-- TASK TO COMPLETE --
Nothing outside the range is to be copied. From the entries below, reproduce exactly the lines starting at the one with "Vibrationssiebanlage für 2" and ending at the one with "Dieta veterinară umedă, pentru", without pictures.

-- MATERIAL SUPPLIED --
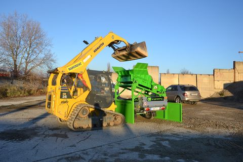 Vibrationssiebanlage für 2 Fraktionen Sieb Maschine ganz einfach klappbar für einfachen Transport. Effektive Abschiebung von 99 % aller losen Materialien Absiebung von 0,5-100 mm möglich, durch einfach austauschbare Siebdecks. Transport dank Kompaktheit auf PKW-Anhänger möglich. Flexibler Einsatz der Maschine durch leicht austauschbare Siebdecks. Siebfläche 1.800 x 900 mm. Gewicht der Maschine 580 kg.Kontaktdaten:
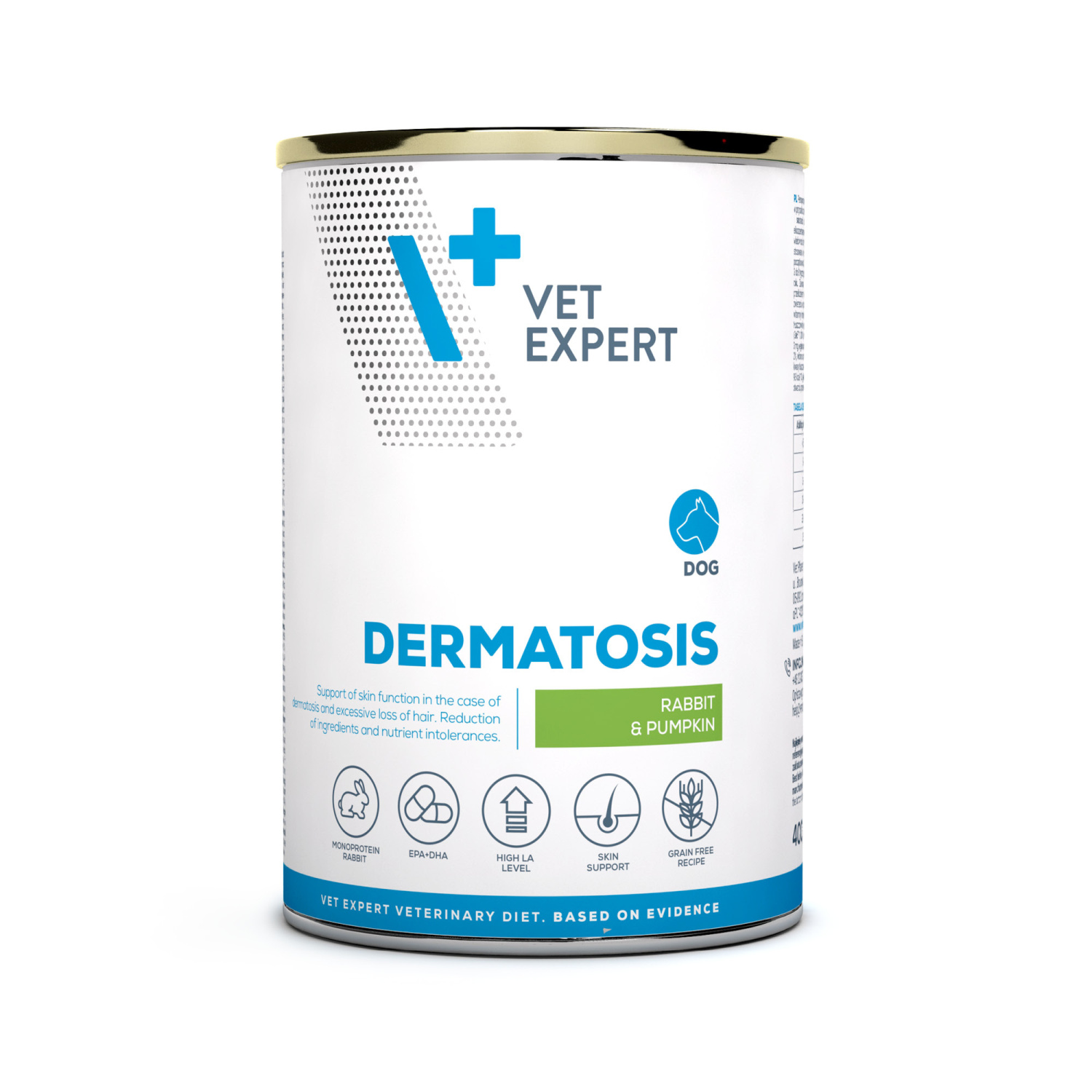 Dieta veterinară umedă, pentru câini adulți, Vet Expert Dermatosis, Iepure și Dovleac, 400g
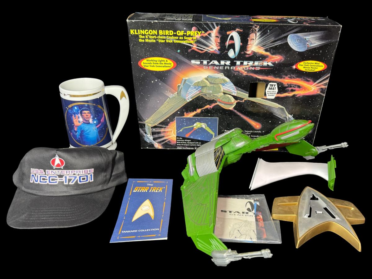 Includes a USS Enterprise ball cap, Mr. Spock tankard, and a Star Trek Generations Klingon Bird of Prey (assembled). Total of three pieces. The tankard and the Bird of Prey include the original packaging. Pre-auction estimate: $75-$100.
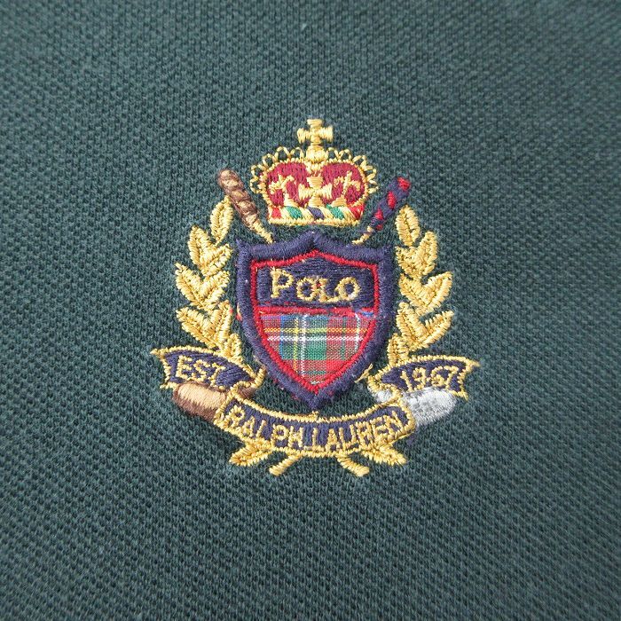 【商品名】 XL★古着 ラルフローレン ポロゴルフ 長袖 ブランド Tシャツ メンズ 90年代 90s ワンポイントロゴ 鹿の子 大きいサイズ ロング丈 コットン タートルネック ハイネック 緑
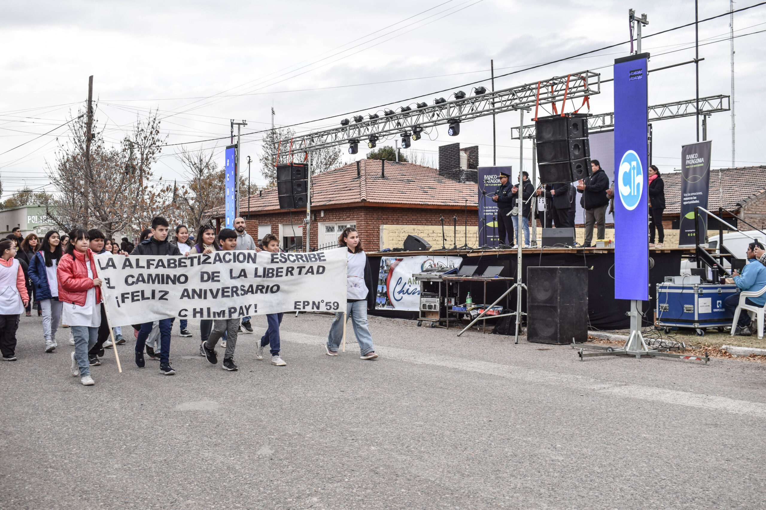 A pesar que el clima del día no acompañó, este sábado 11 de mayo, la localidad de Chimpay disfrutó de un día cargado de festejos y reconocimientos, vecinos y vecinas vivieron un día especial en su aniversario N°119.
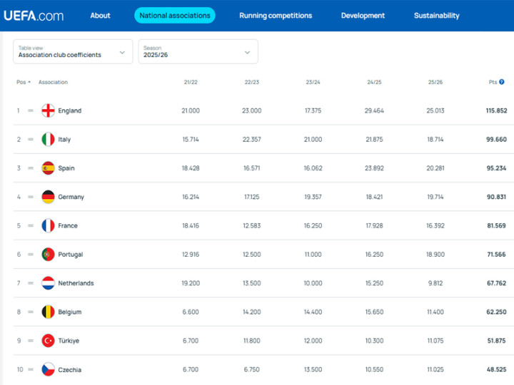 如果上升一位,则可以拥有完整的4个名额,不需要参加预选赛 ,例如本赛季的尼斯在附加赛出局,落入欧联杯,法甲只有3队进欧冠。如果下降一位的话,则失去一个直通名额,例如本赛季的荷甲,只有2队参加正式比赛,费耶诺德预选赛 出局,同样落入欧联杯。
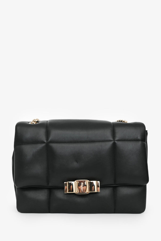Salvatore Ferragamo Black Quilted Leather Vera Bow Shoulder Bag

* * *

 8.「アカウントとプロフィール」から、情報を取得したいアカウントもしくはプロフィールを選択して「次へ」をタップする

-- RESPONSE FOR THIS EXERCISE --
 Vibrationssiebanlage für 2 Fraktionen Sieb Maschine ganz einfach klappbar für einfachen Transport. Effektive Abschiebung von 99 % aller losen Materialien Absiebung von 0,5-100 mm möglich, durch einfach austauschbare Siebdecks. Transport dank Kompaktheit auf PKW-Anhänger möglich. Flexibler Einsatz der Maschine durch leicht austauschbare Siebdecks. Siebfläche 1.800 x 900 mm. Gewicht der Maschine 580 kg.Kontaktdaten:
 Dieta veterinară umedă, pentru câini adulți, Vet Expert Dermatosis, Iepure și Dovleac, 400g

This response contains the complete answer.